▸ Activity: Please reproduce the data exactly and omit the pictures.

▸ Supplied material:
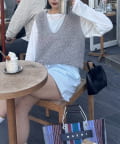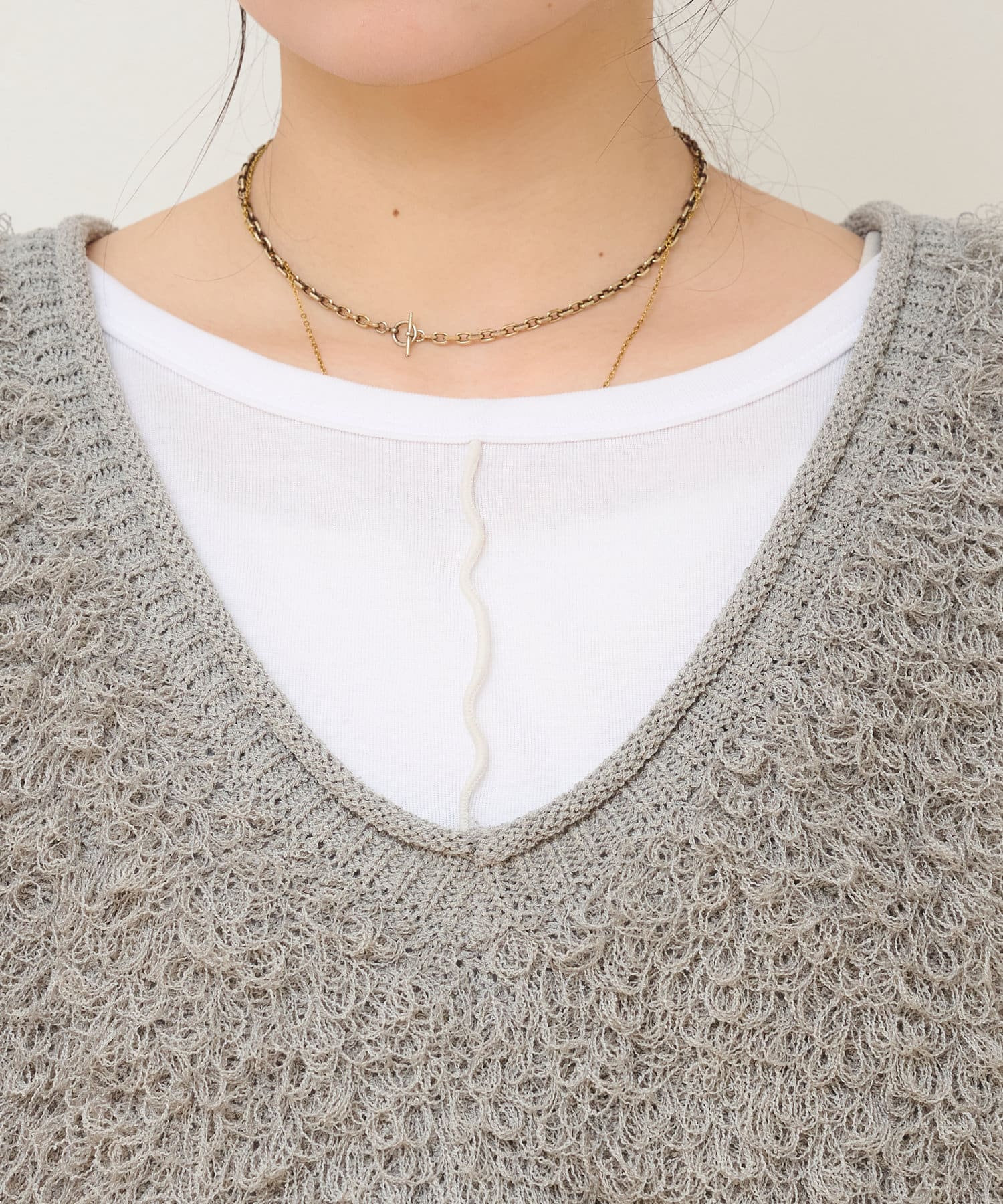 Vネックになっているので、顔周りすっきり見せてくれるのも嬉しいポイント◎
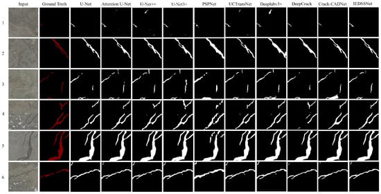 Results of different models. From left to right: original image; ground truth; U-Net; Attention U-Net; U-Net++; U-Net3+; PSPNet; UCTransNet; Deeplabv3+; DeepCrack; Crack-CADNet; IEDSSNet. Numbers 1–6 denote crack sample identifiers.
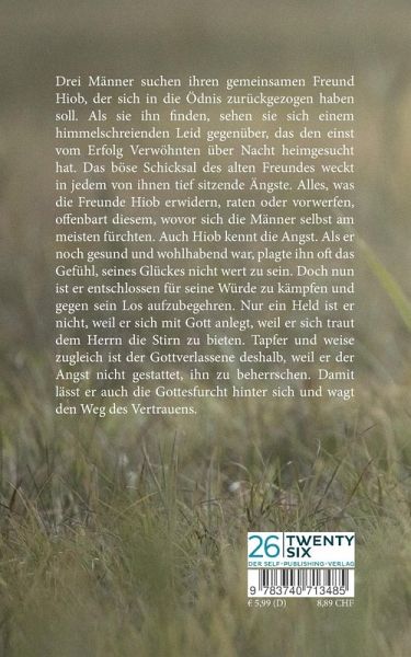 Drei Männer suchen ihren gemeinsamen Freund Hiob, der sich in die Ödnis zurückgezogen haben soll. Als sie ihn finden, sehen sie sich einem himmelschreienden Leid gegenüber, das den einst vom Erfolg Verwöhnten über Nacht heimgesucht hat. Das böse Schicksal des alten Freundes weckt in jedem von ihnen tief sitzende Ängste. Alles, was die Freunde Hiob erwidern, raten oder vorwerfen, offenbart diesem, wovor sich die Männer selbst am meisten fürchten. Auch Hiob kennt die Angst. Als er noch gesund und wohlhabend war, plagte ihn oft das Gefühl, seines Glückes nicht wert zu sein. Doch nun ist er entschlossen, für seine Würde zu kämpfen und gegen sein Los aufzubegehren. Aber ein Held ist er nicht, weil er sich mit Gott anlegt, weil er sich traut dem Herrn die Stirn zu bieten. Tapfer und weise zugleich ist der Gottverlassene nur, weil er der Angst nicht gestattet, ihn zu beherrschen. Damit lässt er auch die Gottesfurcht hinter sich und wagt den Weg des Vertrauens.
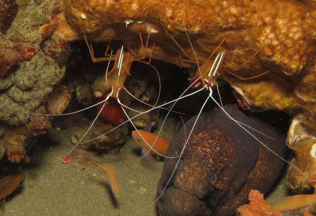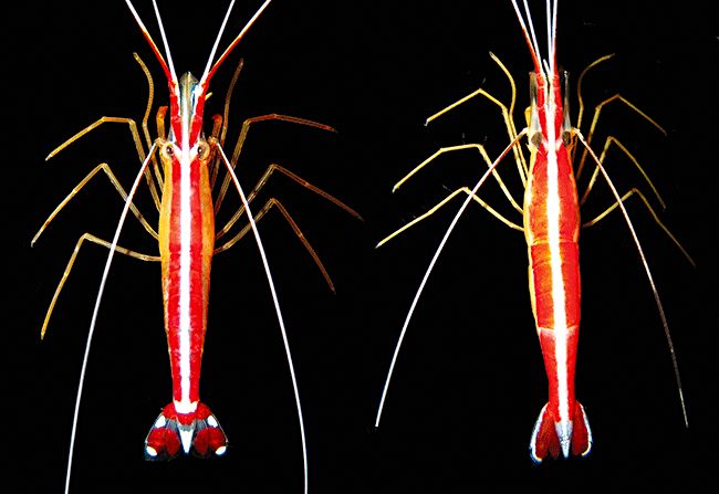 它们能与“客户”形成互惠互利的合作关系。清洁虾帮助鱼类清除身体和口腔里的寄生虫、死皮以及塞在牙缝中的食物碎屑,鱼类则为它们提供食物,并在一定程度上驱赶捕食者。安波鞭腕虾是清洁虾中最具代表性的一员。

▸ Solution to the problem:
 Vネックになっているので、顔周りすっきり見せてくれるのも嬉しいポイント◎
 Results of different models. From left to right: original image; ground truth; U-Net; Attention U-Net; U-Net++; U-Net3+; PSPNet; UCTransNet; Deeplabv3+; DeepCrack; Crack-CADNet; IEDSSNet. Numbers 1–6 denote crack sample identifiers.
 Drei Männer suchen ihren gemeinsamen Freund Hiob, der sich in die Ödnis zurückgezogen haben soll. Als sie ihn finden, sehen sie sich einem himmelschreienden Leid gegenüber, das den einst vom Erfolg Verwöhnten über Nacht heimgesucht hat. Das böse Schicksal des alten Freundes weckt in jedem von ihnen tief sitzende Ängste. Alles, was die Freunde Hiob erwidern, raten oder vorwerfen, offenbart diesem, wovor sich die Männer selbst am meisten fürchten. Auch Hiob kennt die Angst. Als er noch gesund und wohlhabend war, plagte ihn oft das Gefühl, seines Glückes nicht wert zu sein. Doch nun ist er entschlossen, für seine Würde zu kämpfen und gegen sein Los aufzubegehren. Aber ein Held ist er nicht, weil er sich mit Gott anlegt, weil er sich traut dem Herrn die Stirn zu bieten. Tapfer und weise zugleich ist der Gottverlassene nur, weil er der Angst nicht gestattet, ihn zu beherrschen. Damit lässt er auch die Gottesfurcht hinter sich und wagt den Weg des Vertrauens.
 它们能与“客户”形成互惠互利的合作关系。清洁虾帮助鱼类清除身体和口腔里的寄生虫、死皮以及塞在牙缝中的食物碎屑,鱼类则为它们提供食物,并在一定程度上驱赶捕食者。安波鞭腕虾是清洁虾中最具代表性的一员。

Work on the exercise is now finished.